The final query uses two WITH block subqueries, and scalar subqueries to pull the correct factorial value for the calculation:

WITH

FACTORIAL AS

(SELECT /*+ MATERIALIZE */

ROWNUM N,

XMLQUERY((FF) RETURNING CONTENT).GETNUMBERVAL() FACTORIAL

FROM

(SELECT

’1′||SYS_CONNECT_BY_PATH(ROWNUM,’ * ‘) FF

FROM

DUAL

CONNECT BY

LEVEL<=20

ORDER BY 1)),

NUMBERS AS

(SELECT

MOD(ROWNUM-1,8)+1 I,

TRUNC((ROWNUM-1)/8)+1 J

FROM

DUAL

CONNECT BY

LEVEL <= 8 * 8)

SELECT

N.I,

N.J,

DECODE((N.I + N.J – 2),0,1,

(SELECT

F.FACTORIAL

FROM

FACTORIAL F

WHERE

F.N=(N.I + N.J – 2))) /

DECODE((N.I – 1),0,1,

(SELECT

F.FACTORIAL

FROM

FACTORIAL F

WHERE

F.N=(N.I – 1))) /

DECODE((N.J – 1),0,1,

(SELECT

F.FACTORIAL

FROM

FACTORIAL F

WHERE

F.N=(N.J – 1))) V

FROM

NUMBERS N;

I J V

– — —–

1 1 1

2 1 1

3 1 1

4 1 1

5 1 1

6 1 1

7 1 1

8 1 1

1 2 1

2 2 2

3 2 3

4 2 4

5 2 5

6 2 6

7 2 7

8 2 8

1 3 1

2 3 3

3 3 6

4 3 10

5 3 15

6 3 21

7 3 28

8 3 36

1 4 1

2 4 4

3 4 10

4 4 20

5 4 35

6 4 56

7 4 84

8 4 120

1 5 1

2 5 5

3 5 15

4 5 35

5 5 70

6 5 126

7 5 210

8 5 330

1 6 1

2 6 6

3 6 21

4 6 56

5 6 126

6 6 252

7 6 462

8 6 792

1 7 1

2 7 7

3 7 28

4 7 84

5 7 210

6 7 462

7 7 924

8 7 1716

1 8 1

2 8 8

3 8 36

4 8 120

5 8 330

6 8 792

7 8 1716

8 8 3432

June 16th, 2012 at 6:46 pm

with pascal( i, j, v, n, pv )

as ( select 1, 1, 1, 8, mdsys.sdo_numtab( 1 )

from dual

union all

select case when i = n then 1 else i + 1 end

, case when i = n then j + 1 else j end

, case when i = n or j = 1 then 1 else v + ( select column_value from table( pv ) where rownum < 2 ) end

, n

, case when cardinality( pv ) = n then pv multiset except ( select mdsys.sdo_numtab( column_value ) from table( pv ) where rownum < 2 ) else pv end multiset union mdsys.sdo_numtab( case when i = n or j = 1 then 1 else v + ( select column_value from table( pv ) where rownum < 2 ) end )

from pascal

where i < n or j < n

)

select i, j, v

from pascal

June 16th, 2012 at 7:35 pm

[...] Comments anton on New SQL PuzzleCharles Hooper on New SQL PuzzleKim Berg Hansen on New SQL [...]

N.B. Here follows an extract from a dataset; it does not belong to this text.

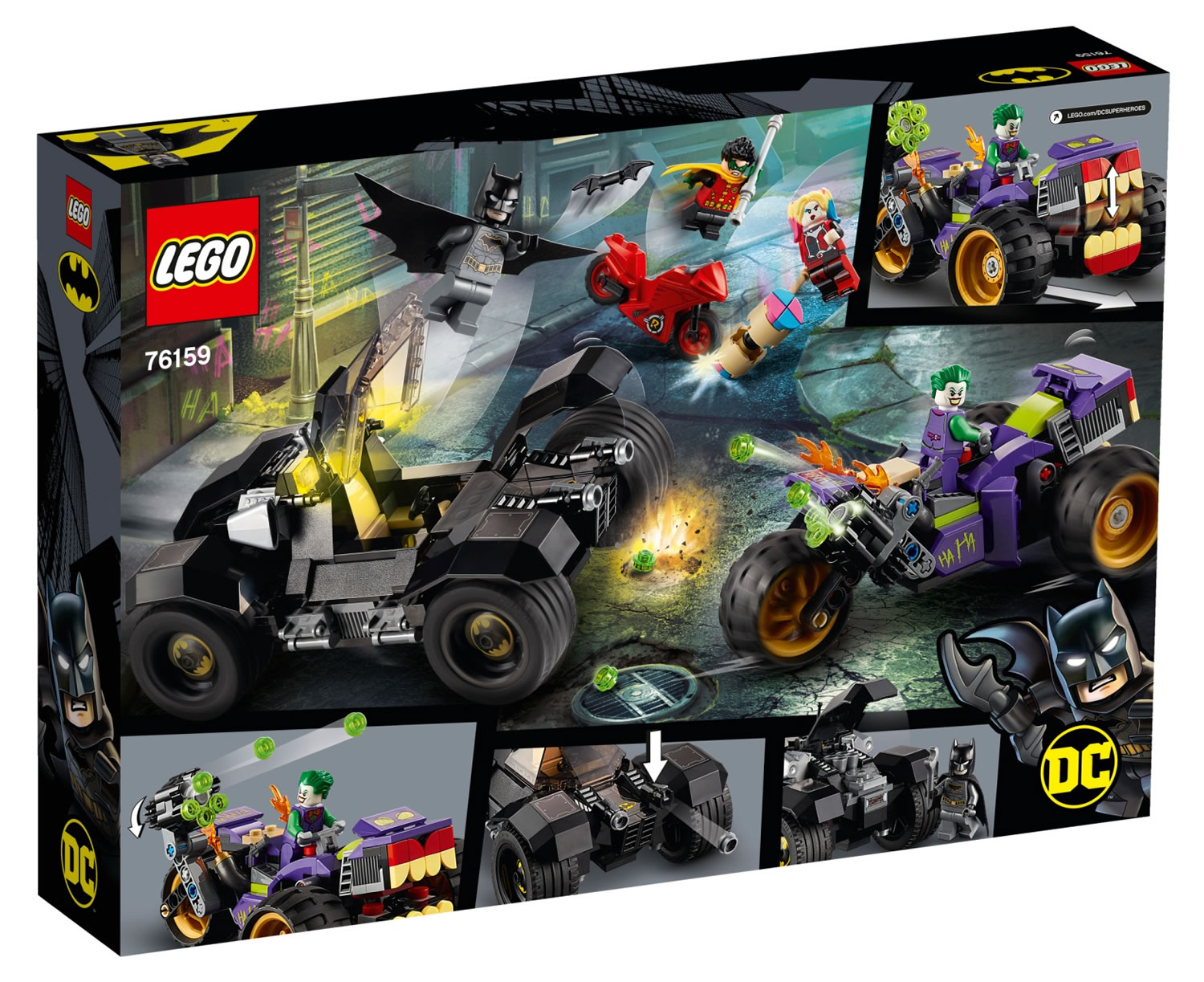 On fait aujourd'hui une incursion dans l'univers DC Comics avec le set 76159 Joker's Trike Chase, une des trois boites de la gamme commercialisées depuis début juin 2020. Vendu 54.99 €, ce petit set de 440 pièces propose d'assembler une nouvelle Batmobile, une moto à trois roues pour le Joker et permet de s'amuser sans nécessairement devoir repasser à la caisse pour équilibrer les forces en présence.

June 20th, 2012 at 6:56 am

[...] been impressed with the solutions to my little problem of generating a symmetric Pascal matrix using SQL. Charles Hooper in particular has provided [...]

August 3rd, 2013 at 11:42 am

Impressive SQL puzzle, I think this will be what I will do over the weekend.